Segment Open

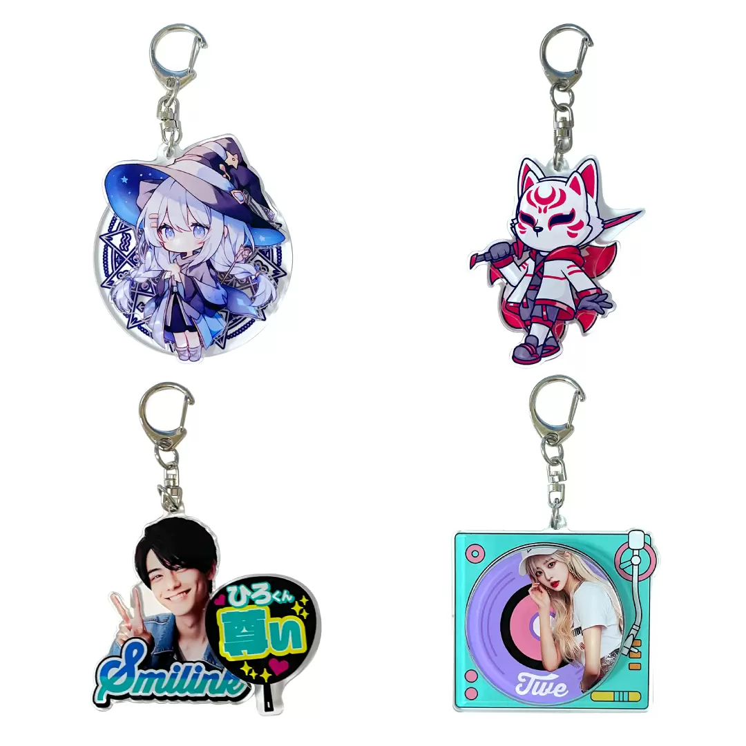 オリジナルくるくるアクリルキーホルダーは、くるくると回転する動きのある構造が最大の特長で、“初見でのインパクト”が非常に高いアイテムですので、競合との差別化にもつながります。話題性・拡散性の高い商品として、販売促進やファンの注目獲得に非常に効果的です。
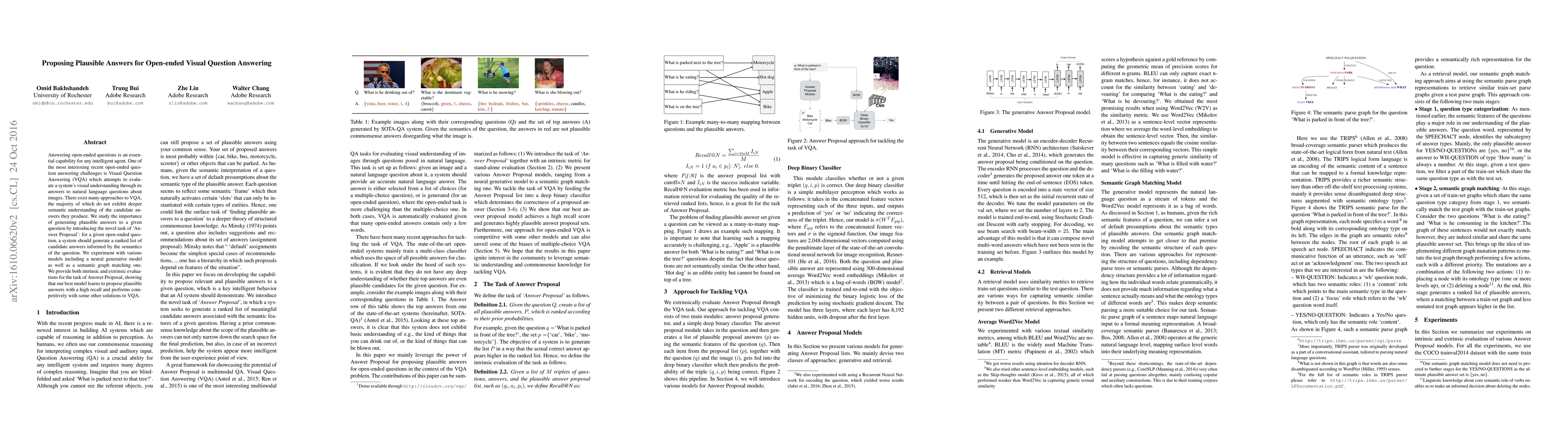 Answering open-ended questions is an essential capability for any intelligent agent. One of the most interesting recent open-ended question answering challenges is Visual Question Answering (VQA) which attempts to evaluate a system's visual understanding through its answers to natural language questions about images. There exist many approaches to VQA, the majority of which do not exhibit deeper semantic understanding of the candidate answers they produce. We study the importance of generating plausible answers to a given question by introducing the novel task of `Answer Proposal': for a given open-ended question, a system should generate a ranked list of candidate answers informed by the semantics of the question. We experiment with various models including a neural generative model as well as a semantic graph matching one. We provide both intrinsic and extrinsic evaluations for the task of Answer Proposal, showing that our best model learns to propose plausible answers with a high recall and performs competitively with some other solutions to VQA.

Segment Closed
Segment Open

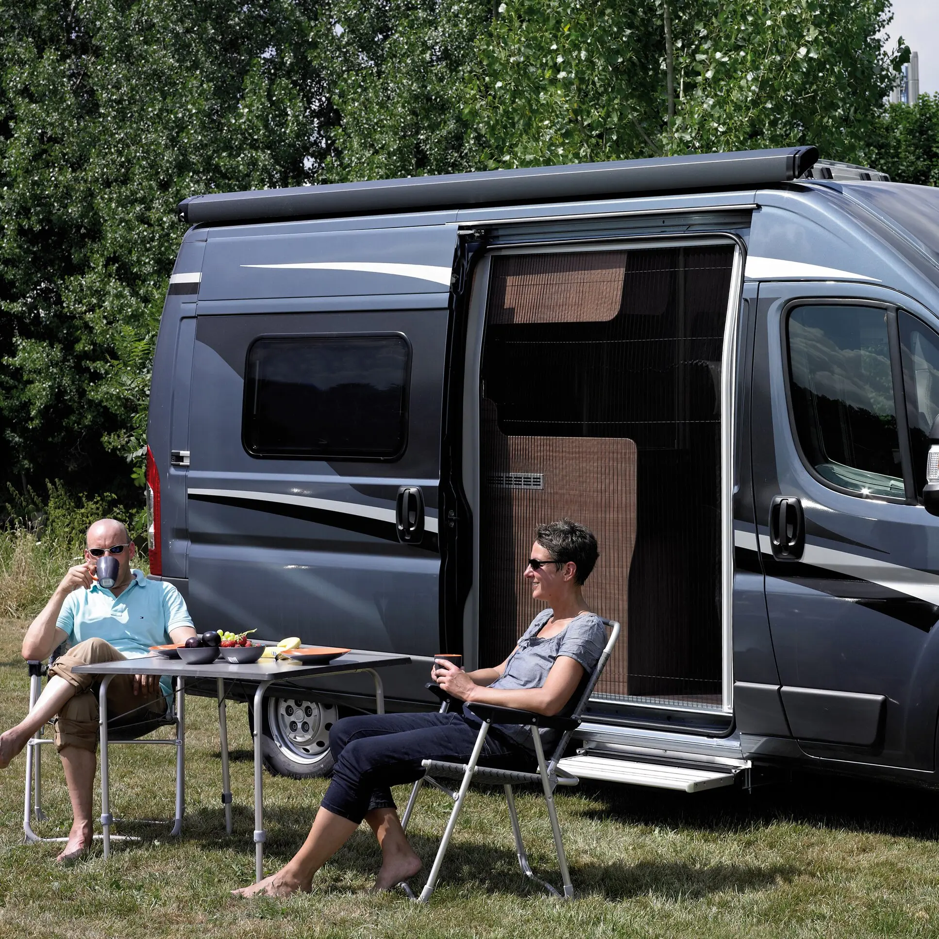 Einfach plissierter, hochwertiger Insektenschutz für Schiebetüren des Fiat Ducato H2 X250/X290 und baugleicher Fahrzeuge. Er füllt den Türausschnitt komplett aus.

Segment Closed
Segment Open

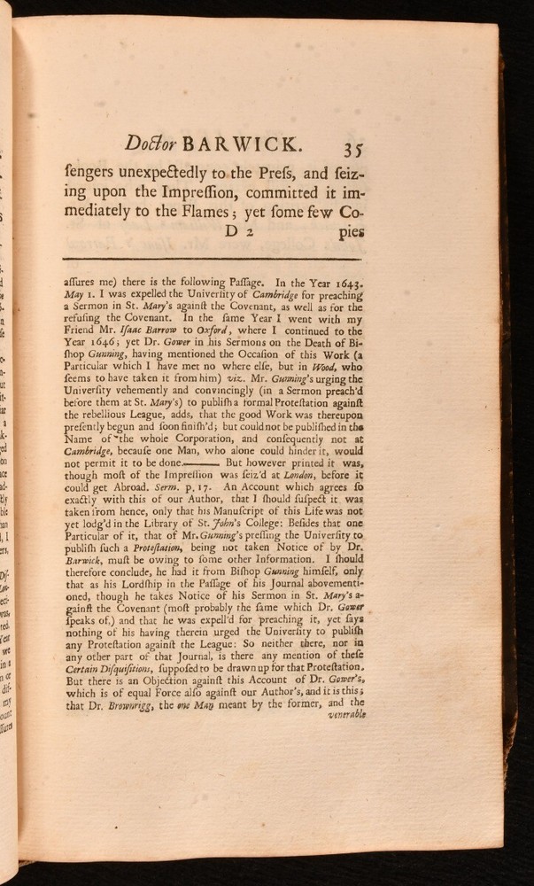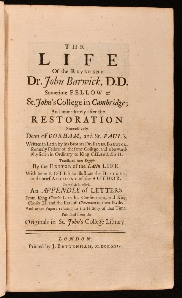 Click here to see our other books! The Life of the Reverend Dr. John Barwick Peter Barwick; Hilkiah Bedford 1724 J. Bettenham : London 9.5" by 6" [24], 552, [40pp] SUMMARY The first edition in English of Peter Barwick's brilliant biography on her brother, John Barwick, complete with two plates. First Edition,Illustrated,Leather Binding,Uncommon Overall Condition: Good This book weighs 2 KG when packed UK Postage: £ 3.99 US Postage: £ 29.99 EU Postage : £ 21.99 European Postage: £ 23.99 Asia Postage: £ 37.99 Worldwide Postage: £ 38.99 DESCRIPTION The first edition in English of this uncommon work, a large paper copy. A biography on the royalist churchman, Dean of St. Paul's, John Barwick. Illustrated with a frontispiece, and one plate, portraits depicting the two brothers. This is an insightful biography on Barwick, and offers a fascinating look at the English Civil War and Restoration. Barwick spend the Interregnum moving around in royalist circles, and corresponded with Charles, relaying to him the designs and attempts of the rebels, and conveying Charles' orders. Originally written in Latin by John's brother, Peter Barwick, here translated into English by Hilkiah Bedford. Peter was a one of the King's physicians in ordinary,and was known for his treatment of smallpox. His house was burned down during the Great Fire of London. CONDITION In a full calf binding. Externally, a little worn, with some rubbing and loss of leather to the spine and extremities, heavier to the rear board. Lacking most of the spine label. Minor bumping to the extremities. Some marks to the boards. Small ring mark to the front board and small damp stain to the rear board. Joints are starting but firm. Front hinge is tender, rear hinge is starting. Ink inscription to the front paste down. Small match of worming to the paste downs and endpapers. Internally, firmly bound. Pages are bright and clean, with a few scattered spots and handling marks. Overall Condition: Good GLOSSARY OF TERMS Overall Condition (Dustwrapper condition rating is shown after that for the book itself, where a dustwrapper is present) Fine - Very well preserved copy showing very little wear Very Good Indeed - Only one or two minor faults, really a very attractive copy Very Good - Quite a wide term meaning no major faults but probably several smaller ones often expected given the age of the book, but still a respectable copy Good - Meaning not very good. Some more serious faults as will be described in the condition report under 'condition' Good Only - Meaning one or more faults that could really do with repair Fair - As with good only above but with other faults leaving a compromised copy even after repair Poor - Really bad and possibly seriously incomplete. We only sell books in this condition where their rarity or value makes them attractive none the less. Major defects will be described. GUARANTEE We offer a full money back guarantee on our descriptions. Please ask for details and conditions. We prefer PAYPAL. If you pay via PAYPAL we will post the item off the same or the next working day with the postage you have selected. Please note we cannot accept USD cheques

Segment Closed

#### TASK STATEMENT:
With the pictures omitted, restate word for word the lines above from the line that has "オリジナルくるくるアクリルキ" up to and including the line that has "Answering open-ended questions", and no other lines.

#### WRITTEN RESPONSE:
 オリジナルくるくるアクリルキーホルダーは、くるくると回転する動きのある構造が最大の特長で、“初見でのインパクト”が非常に高いアイテムですので、競合との差別化にもつながります。話題性・拡散性の高い商品として、販売促進やファンの注目獲得に非常に効果的です。
 Answering open-ended questions is an essential capability for any intelligent agent. One of the most interesting recent open-ended question answering challenges is Visual Question Answering (VQA) which attempts to evaluate a system's visual understanding through its answers to natural language questions about images. There exist many approaches to VQA, the majority of which do not exhibit deeper semantic understanding of the candidate answers they produce. We study the importance of generating plausible answers to a given question by introducing the novel task of `Answer Proposal': for a given open-ended question, a system should generate a ranked list of candidate answers informed by the semantics of the question. We experiment with various models including a neural generative model as well as a semantic graph matching one. We provide both intrinsic and extrinsic evaluations for the task of Answer Proposal, showing that our best model learns to propose plausible answers with a high recall and performs competitively with some other solutions to VQA.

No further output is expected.